**Your instructions**
Beginning with the line that holds "По умелкам пока" and ending with the last line of the entries, please output each line exactly, apart from any pictures.

- Opening Delimiter -

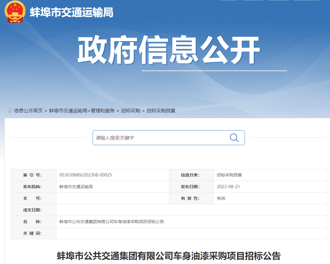 為滿足蚌埠公交車輛車身油漆的需要,我公司擬對“蚌埠市公共交通集團有限公司車身油漆采購項目”進行公開招標,歡迎具備資格條件的國內潛在投標人參加投標。一、項目概況(一)項目名稱:蚌埠市公共交通集團有限公司車身油漆采購(二)項目編號:BBGJ-2023—WXWZ-07(三)項目內容:車身油漆
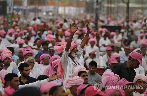 (뉴델리=연합뉴스) 나확진 특파원 = 인도에서 대규모 산업단지 조성을 쉽게 하고자 나렌드라 모디 정부가 추진하는 토지수용법 개정안에 반대하는 대규모 농민 집회가 19일(현지시간) 열렸다.
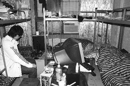 楊華是福建泉州人,兩年前從廈門大學(xué)畢業(yè),在當(dāng)?shù)匾凰鶎W(xué)校當(dāng)老師!跋胗幸环蟮淖鳛!苯衲瓿酰o職上北京闖蕩,遇到很多挫折又來(lái)到了重慶。他說(shuō),剛到重慶時(shí)身上只有1000元,而這1000元還是信用卡透支的。找到這種出租床位的公寓,就立刻住下了!白≡诶锩娴亩际遣畈欢嗑秤龅男值。”楊華說(shuō),工作的地方就在405車站對(duì)面,幫人家做廣告,收入不固定!斑\(yùn)氣不好的話一個(gè)月1000!彼懔艘还P賬,每月房費(fèi)260、飯錢600,身上幾乎不剩錢?斓街形绲臅r(shí)候,楊華出去了一會(huì),在樓下端上來(lái)一碗小面,3塊錢。他說(shuō),有時(shí)候會(huì)很茫然,不知道未來(lái)在哪里。鄭偉是楊華的房東,他說(shuō)自己也曾是北漂,知道這些大學(xué)生的不易。“現(xiàn)在租床位的大學(xué)畢業(yè)生越來(lái)越多了!彼f(shuō),商圈周圍很多家這種出租床位的,都是針對(duì)找工作的大學(xué)生。在他這里租床位的畢業(yè)生,基本都在觀音橋商圈上班!白鲣N售跑業(yè)務(wù)的居多,一月也就千把塊!编崅u搖頭感嘆。記者 談書 實(shí)習(xí)生 蔡力
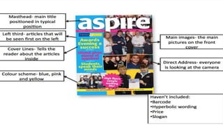 The document summarizes key design elements of a school magazine, including a smiling girl on the front cover to portray the school as happy. The left third of the front page features articles targeted at sixth formers about students, TV, and creativity. Page numbers are included to indicate where full articles can be found. Images are used throughout the contents page to showcase more of what is inside and make the page appear more full.
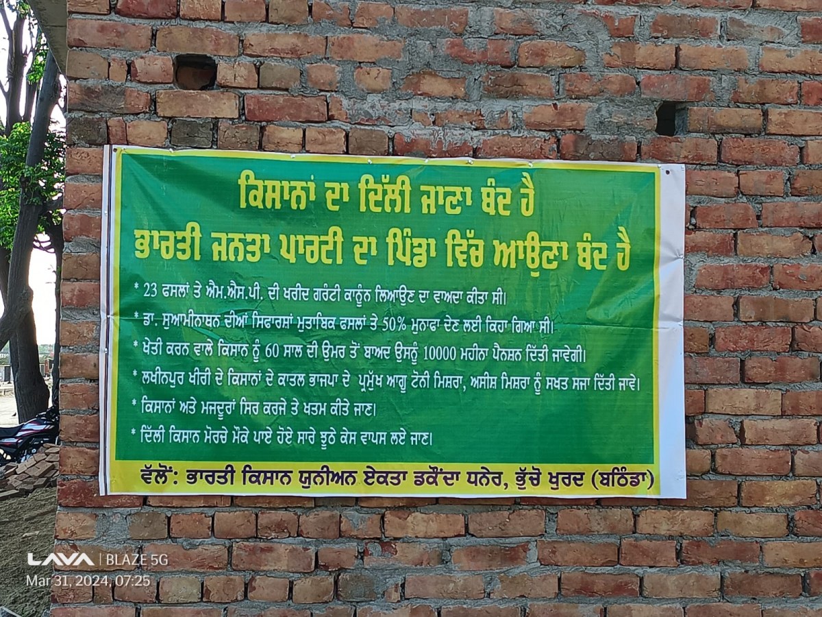 In most villages, farmers have been putting up posters with slogans like ‘Kisana da Delhi jana band hai, BJP da Pinda vich auna band hai (Farmers are barred from entering Delhi, BJP is banned from entering villages)' issued by the BKU (Ekta Dakaunda), Bhucho Khurd, Bathinda district.
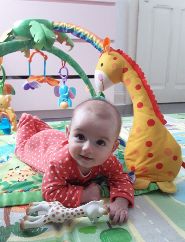 По умелкам пока следующее. По чуть-чуть начинает поворачиваться на бока, но не охотно. Вдруг разучилась переворачиваться с живота на спину, связываю это с бурным ростом и мозг еще не научился управлять новым телом. Вижу, что мышцы спины окрепли, стала не просто лежать на животе, но и играть с игрушками в такой позе, и трогать картинки на коврике. Стала не много удерживаться в положении сидя. Ну и пока ведущие навыки - это мелкая моторика 👋 и гуление👩🎤. Очень проворные руки, всё отбирают у меня, очень богатая "речь". Дочка обожает, когда я держу её за ладошки - успокаивается мигом.
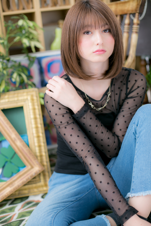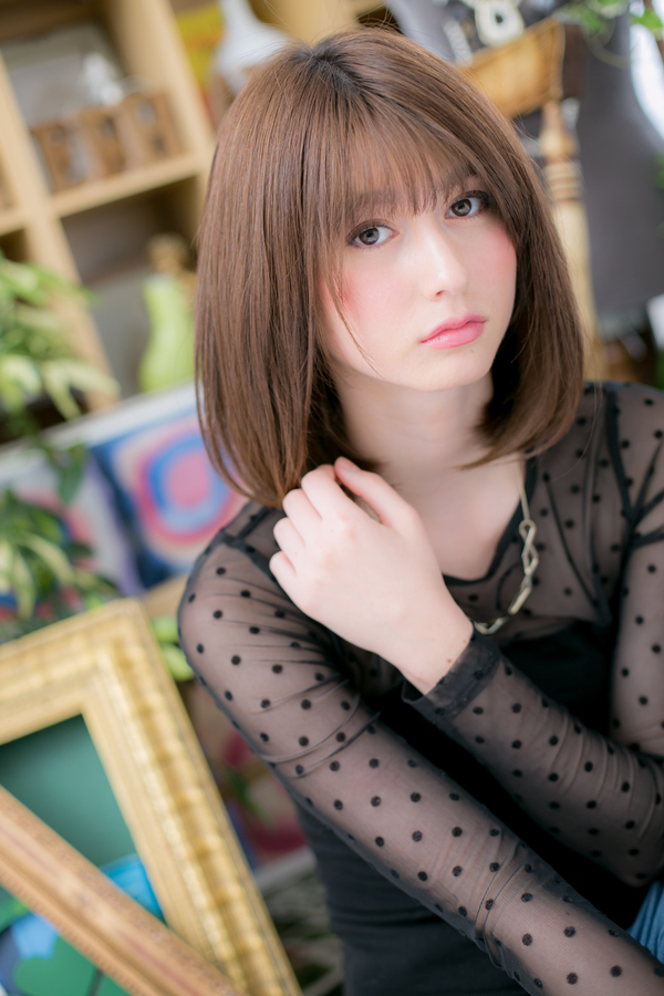 • かきあげバングナチュラルモード黒髪大人ボブ

- Closing Delimiter -

**Expected answer**
 По умелкам пока следующее. По чуть-чуть начинает поворачиваться на бока, но не охотно. Вдруг разучилась переворачиваться с живота на спину, связываю это с бурным ростом и мозг еще не научился управлять новым телом. Вижу, что мышцы спины окрепли, стала не просто лежать на животе, но и играть с игрушками в такой позе, и трогать картинки на коврике. Стала не много удерживаться в положении сидя. Ну и пока ведущие навыки - это мелкая моторика 👋 и гуление👩🎤. Очень проворные руки, всё отбирают у меня, очень богатая "речь". Дочка обожает, когда я держу её за ладошки - успокаивается мигом.
 • かきあげバングナチュラルモード黒髪大人ボブ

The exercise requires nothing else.